No matter where you go as  a Veh Tech,  you still be employed as a Veh Tech even in SOF the amount of HSLD stuff will be pretty limited.  Also,  if you get into CSOR as a supporter and want to go Operator you will need to do 2 years as a supporter before you can apply for Operator.  Don't assume that just because you are bored as a Supporter and apply to be an Operator that it will happen,  AP and SFC aren't easy so have a back up plan in case things don't as you thought they would.

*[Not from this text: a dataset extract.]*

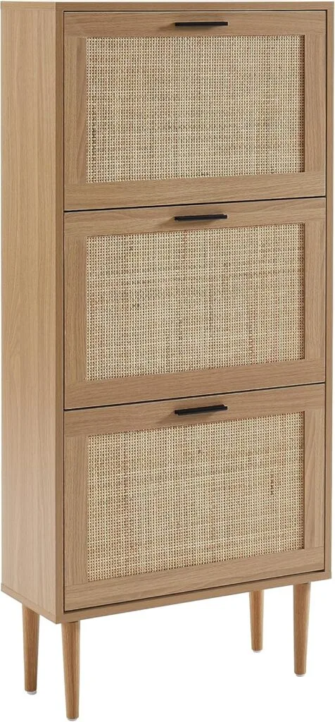 BAÏTA - Meuble à Chaussures Amana Effet chêne et cannage rotin 60cm

> i am more toward csor since i always can remaster as a special operator


 
If you get into JTF2 as a supporter you would be able to try out to be a Assaulter as well,  again probably after a minimum amount of time as a supporter.


----------



## tactical_squirell (28 Jul 2012)

a


----------



## blacktriangle (28 Jul 2012)

You "spitted" on 150K/year? You sure you can pass a drug test?


----------



## Fishbone Jones (28 Jul 2012)

tactical_squirell said:
			
		

> a


 ???


----------



## tactical_squirell (29 Jul 2012)

100% narcotic free. i am just not interested in these jobs.


----------



## MikeL (29 Jul 2012)

I saw your post before you replaced it with "a"    Why did you erase it?

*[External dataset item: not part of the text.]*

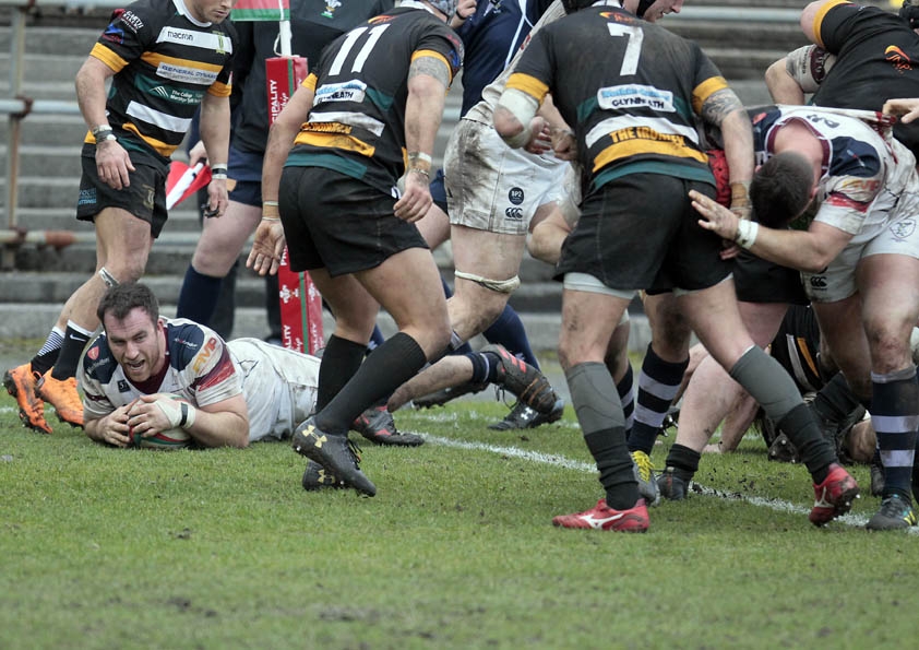 Disaster struck for Merthyr when replacement fly half Gareth Davies, with his first touch since coming on as a replacement, threw a loose pass that was scooped up by Claypole, who raced clear to score. Phil Jones missed the conversion.

Also,  you seemed surprised that even if you got into CSOR as a supporter you would still be working as a Vehicle Tech.


----------



## tactical_squirell (29 Jul 2012)

not surprised to be working as a vehicule tech; its my job. i have been a mechanic for the last 10 years of my life and i am not ready to quit that yet, i love that stuff. 
what i wouldnt want to do is to close all doors and be stuck there as a vehicule tech, even if i stay as a vehhicule tech. i just like having these oportunity, just in case.


----------



## Illegio (2 Aug 2012)

Well, I can speak for CSOR in that if you apply as a supporter, you will not be "stuck" there forever if you don't want to be - the opportunity is there to apply as an operator after two years, or after whatever contractual obligation you find yourself under. Best of luck - I know a couple guys who have made the jump.


----------